The YT Union represented workers negotiating with the company for three sessions until 2 am. The company offered a 500 yuan allowance increase; the strikers refused to make concessions but lacked consensus in making their demands. On September 2, the Y City Union came to mediate the strike. The official leader denounced the strike as illegitimate, reminding workers that collective bargaining in November should be their way to advance their demands instead of a wildcat strike. Then, he turned to negotiate with the management for a new package of close to a 30% wage increase and a 5,000 yuan bonus for resuming production. In the official announcement, the union official warned all workers that things would go beyond their control if they did not stop or were they to conduct a wildcat strike again. Workers resumed work at 4 pm.

The dynamics of moderated mobilization

The case of YT Union collective bargaining illustrates how the interactions between structural power, institutional power, associational power, and employer response produce the dynamics of the moderated mobilization model of collective bargaining. In one of the world’s busiest seaports, crane operators’ skills and on-the-job experience give them strong workplace bargaining power to disrupt global trade logistics. Crane operators’ exercise of this structural power, manifested by wildcat strikes, pushed the state to respond to workers’ economic demands by recognizing their rights to organize a “rank-and-file” enterprise union and negotiate wages with the management. The state’s enforcement of labor relations policies and laws generated effective institutional power that forced the employer to accept the establishment of the YT Union and collective bargaining in the company. Because crane operators’ highly valued skills and work experience make it difficult for the company to replace them in a short time, the crane operators’ strong workplace bargaining power compelled the management, who perceived workers’ structural advantages, to recognize the elected representative organization and make concessions in collective bargaining. The YT Union acquired organizational legitimacy and relative autonomy from the state and company management. Thus, workers seem to have acquired associational power through state law enforcement and their elected YT Union and the workers and staff congress.

The YT crane operators formed a “worker identity” based on occupational skills, strike experience, and active participation in union elections and collective bargaining. The initial wildcat strike in 2007 resulted from their shared grievances of wage stagnation and declining social status; as workers complained, “In the 1990s, the crane operators’ income and social status could match them to marry school teachers in Y City, but today, no teachers in Y City would like to marry a crane operator.”Footnote 5 The crane operators gradually forged a collective identity by participating in representative elections and collective bargaining, such as vetoing the 2009 collecting contract. As a union official observed on the scene, “You can obviously see that the crane operators view themselves differently from other staff and employees in YT.” With the formation of workers’ collective identity, the crane operators went on strike again in 2013 when the YT Union failed to address their concern about losing the housing fund benefit. Thus, the crane operators’ strong structural power may lead to militant workplace unionism.

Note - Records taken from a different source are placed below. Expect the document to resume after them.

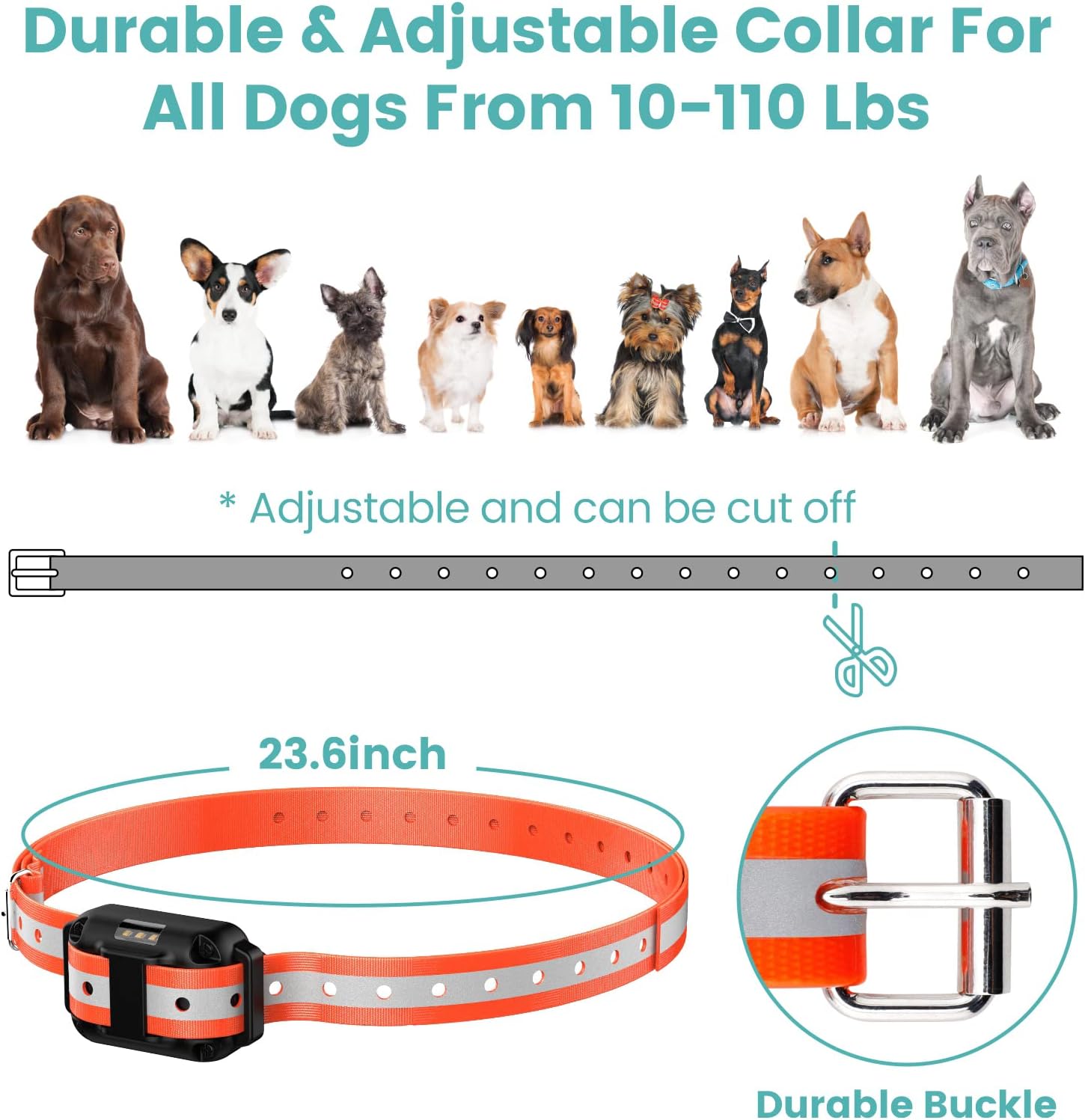 Size Adjustable Collar Fits All Sizes Dogs: The Pet Training Collar Strap Fits Neck Size from 7.1 to 25.6 inch, Perfect for Medium and Large Dogs above 20Lbs. Soft Silicone Contact Points are Safer and More Comfortable than those with Metal Points, Avoiding Skin Damage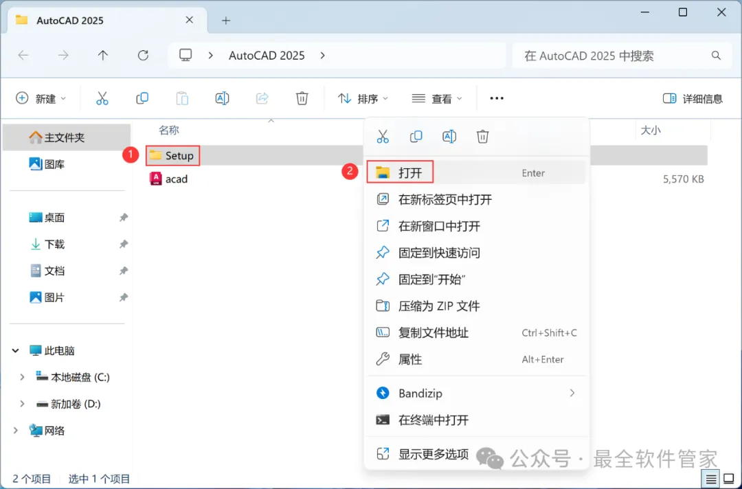 1、下载AutoCAD 2025软件安装包到电脑上,右键选择【解压到AutoCAD 2025\】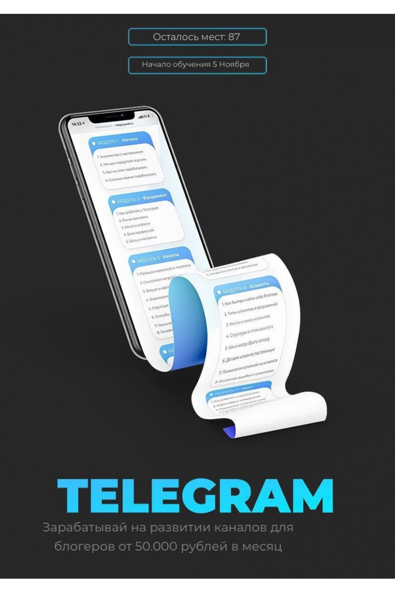 Почему Телеграм?ПростоБез вложений, начать можно довольно просто и быстро, без доп.знанийПрибыльноУже в первые 14 дней вы начнете зарабатывать по 10-20 тысяч рублейСтабильноЭто стабильный доход, который не пропадет или уйдет в минусКому подойдетХочешь перегрузиться и начать зарабатывать в онлайнеХочешь иметь стабильный приток клиентов и не бояться, что их не будетМечтаешь работать из любой точки мира, имея только смартфон и времяБоишься ошибок и хочешь сразу работать в своё удовольствиеПочему яХельга (helgaspataki)ЦенностьПотратила на курс 691.000 рублей, чтобы вы испытали вау эффект от обученияУпорствоБолее двух месяцев упорной работы, чтобы создать уникальный курсРезультатФокус группа, эксперты - все проверили курс, чтобы у вас был результатМОДУЛЬ 1 - Начало1. Как работать с Телеграм2. Рынок рекламы3. Каналы и блоги4. База профессий5. Боты и магазиныМОДУЛЬ 2 - Фундамент1. Позиционирование и тематики2. Смысловая нагрузка и тексты3. Визуал и оформление постов4. Формирование контента5. Структура продающего текста6. Способы заработка на канале7. Технические фишки с каналами8. Основные ошибки и фишкиМОДУЛЬ 3 - Каналы1. Что такое запуски обучений2. Сколько можно заработать3. Как подготовиться к запуску4. Контент и написание прогрева5. Психология продаж обучения6. Тех.моменты и сотрудники7. Основные проблемы и ошибкиМОДУЛЬ 4 - Запуски1. Разбор направлений2. Заработок и трудности3. Менеджер по рекламе4. Копирайтер (контенщик)5. Создатель ботов и дизайнерМОДУЛЬ 5 - Профессии1. Как быстро найти себе блогера2. Типы клиентов и возражений3. Места и поиск клиентов4. Структура и план диалога5. Как и когда брать оплату6. Делаем клиента постоянным7. Психология влияния на клиента8. Основные ошибки с клиентамиМОДУЛЬ 6 - Клиенты1. Как работать в удосольвтеи2. Найм первых сотрудников3. Повышения стоимости услуг4. Как расти через 2-3 месяца5. Основные ошибки при росте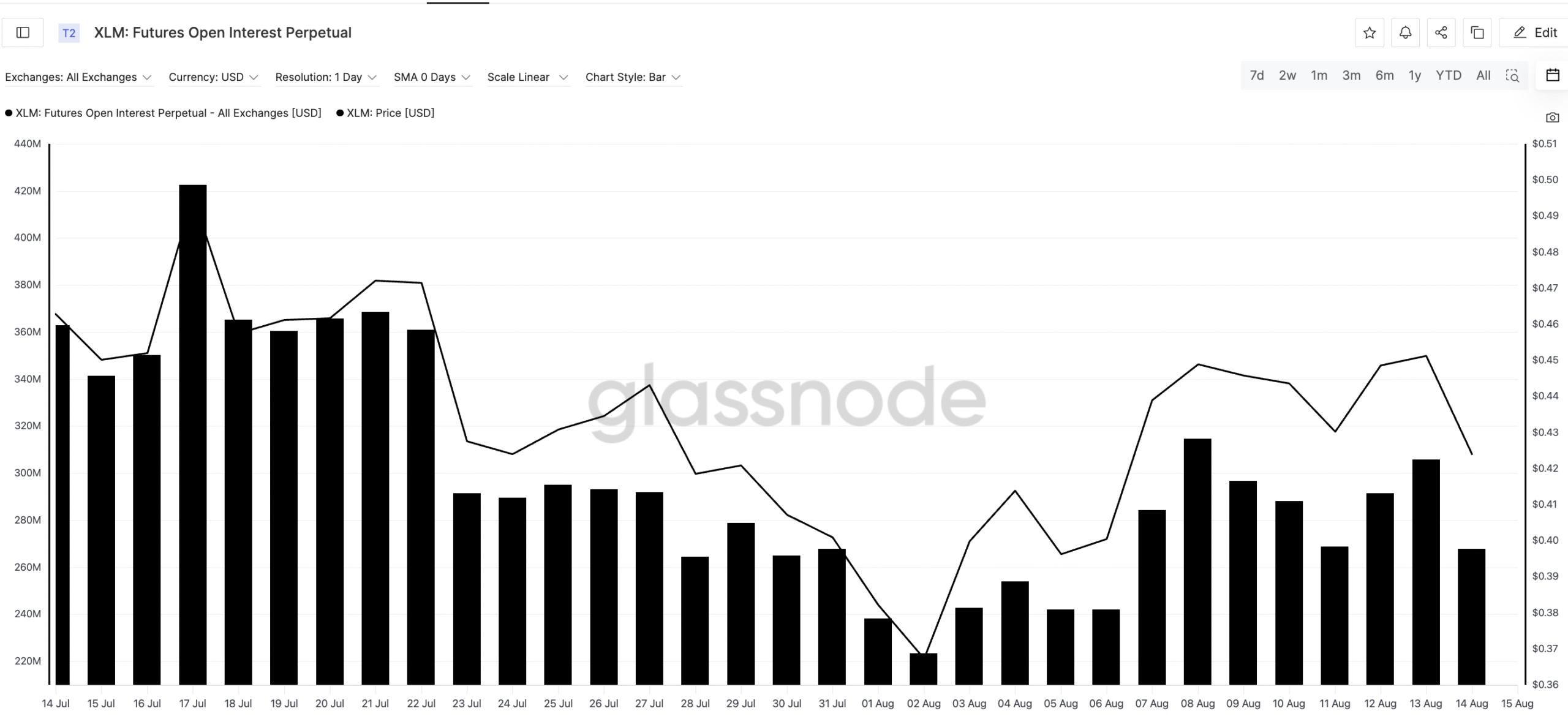 XLM price and dropping Open Interest: Glassnode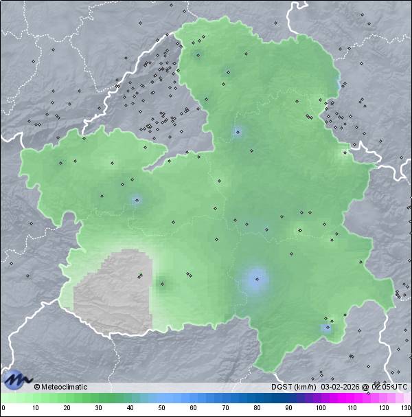 | Actualizado:02-02-2026 22:46 UTC | 6,6°C 71% | 15,5 °C / 86% | | 5,8°C / 52% | | 8 km/h SSW | | 55 km/h | | 1.003 hPa | | 0,2 mm |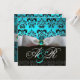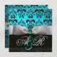 CONVITE FITA BRANCA AZUL TURQUESA PRETO DAMASCO MONOGRAMA

Notwithstanding, the YT workers’ structural and associational power is moderated by the organizational and political constraints imposed by the official Y City Union in China’s context. The official union did not allow the workers to fully run the YT Union by nominating managers to union leadership positions based on their employee status and arguing for their administrative and communication skills, which workers need. By creating a legitimate manager-led enterprise union, the YT Union became a de facto intermediary between workers and management and between the official union and the company. However, because the crane operators’ structural power is too strong and disruptive for the employer and the government, the company and the Y City Union accepted incorporating the workers into interest bargaining. The YT Union was also pressed to have workers participate in union affairs and wage negotiation openly and transparently in order to release pressure from workers and the company. Meanwhile, such “mobilization” made the YT Union more legitimate and powerful in collective bargaining with the company, thus enabling workers to benefit from the associational power embodied in the manager-led YT Union.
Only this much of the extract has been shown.